▶ **Exercise instructions**: From the first line down to the one containing "Een mannelijke sneeuwgors", reproduce the entries below exactly and leave out the pictures.
**** Data for the task
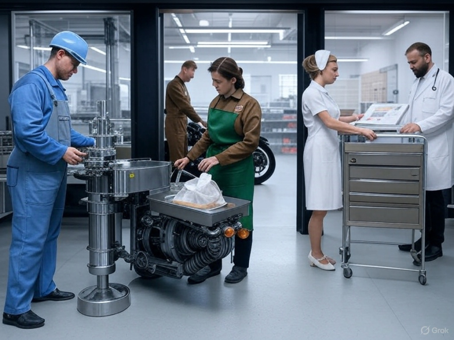 През 2024 г. „Преработващата промишленост“ остава водеща с 26% от наетите, но делът й спада от 28.6% през 2023 г. и 29.8% през 2022 г., което може да обясни част от загубите в частния сектор. „Търговия; ремонт на автомобили и мотоциклети“ запазва стабилни 18% (17.6% през 2023 г., 17.2% през 2022 г.), а „Хуманно здравеопазване и социална работа“ с 10% измества „Образование“ (9.7% през 2023 г., 9.2% през 2022 г.) от челната тройка. Това подсказва преориентация към здравеопазването, вероятно заради увеличението в обществения сектор.
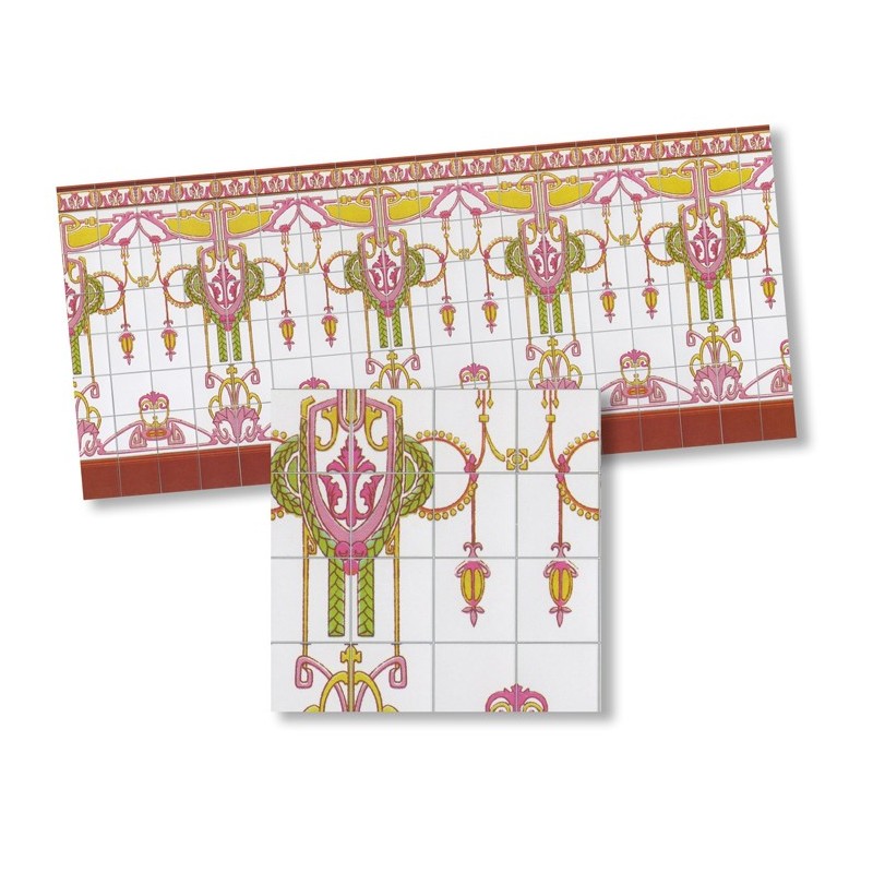 Frise carrelage mural – Rose, lavande et vert
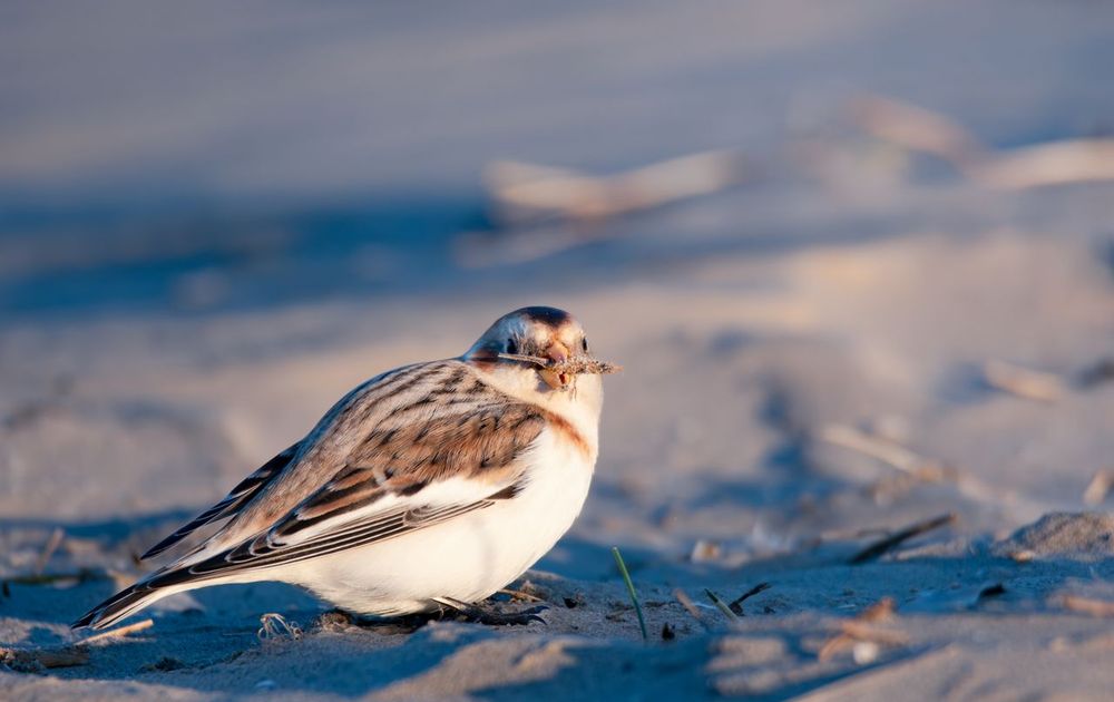 Een mannelijke sneeuwgors was samen met een vrouwtje op zoek naar iets lekkers. Driftig struinend door het zand kwamen ze wat lekkers tegen.
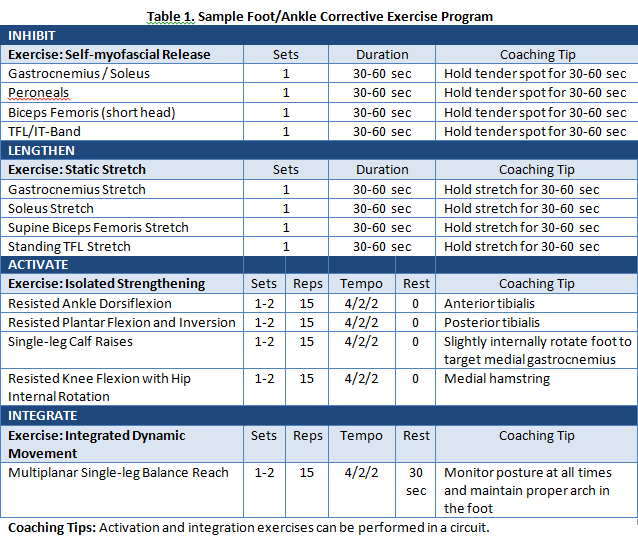 Table 1 is an example of a corrective exercise program for an athlete with foot/ankle dysfunction. In most cases restoring adequate ankle dorsiflexion is paramount (4). Stretching should be relatively pain-free and can be performed several times a day. Other exercises should be incorporated to strengthen the musculotendinous structures of the foot and improve proprioception. Calf strengthening can be done through heel raises and can be paired with exercises to strengthen the anterior tibialis, posterior tibialis and medial hamstrings. For more examples of corrective exercise programs (such as for knee or shoulder impairments), refer to NASM’s Corrective Exercise Specialist.
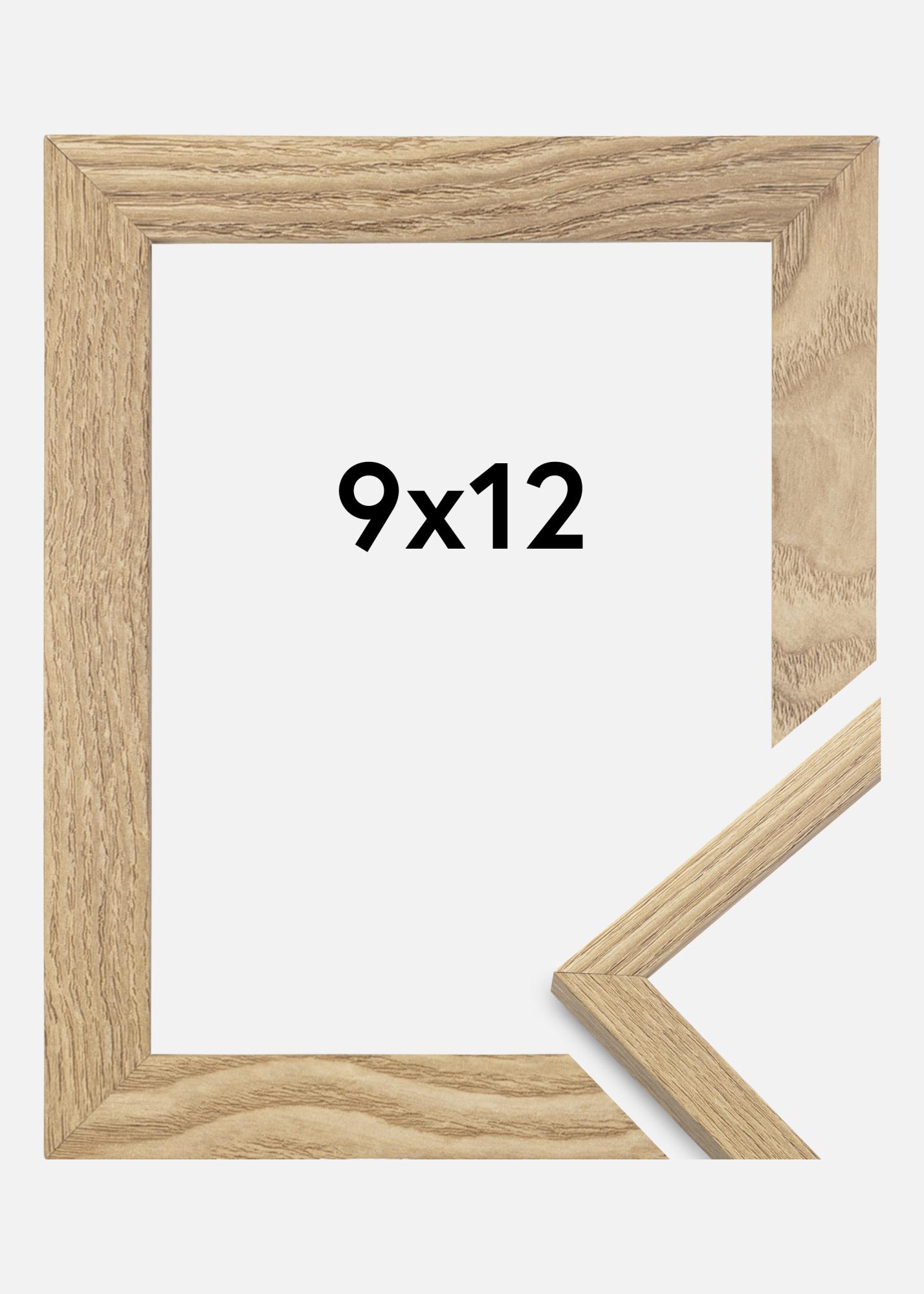 Rama jest wykonana z materiału MDF z foliowaną powierzchnią w kolorze dębu i ma cienki profil ramy o szerokości 14 mm. Jest dużo miejsca, aby uzupełnić zdjęcia luksusowym passe-partout, dzięki wewnętrznej głębokości ramy (głębokość felc) wynoszącej 12 mm.
********
▶ **Answer for this exercise**:
 През 2024 г. „Преработващата промишленост“ остава водеща с 26% от наетите, но делът й спада от 28.6% през 2023 г. и 29.8% през 2022 г., което може да обясни част от загубите в частния сектор. „Търговия; ремонт на автомобили и мотоциклети“ запазва стабилни 18% (17.6% през 2023 г., 17.2% през 2022 г.), а „Хуманно здравеопазване и социална работа“ с 10% измества „Образование“ (9.7% през 2023 г., 9.2% през 2022 г.) от челната тройка. Това подсказва преориентация към здравеопазването, вероятно заради увеличението в обществения сектор.
 Frise carrelage mural – Rose, lavande et vert
 Een mannelijke sneeuwgors was samen met een vrouwtje op zoek naar iets lekkers. Driftig struinend door het zand kwamen ze wat lekkers tegen.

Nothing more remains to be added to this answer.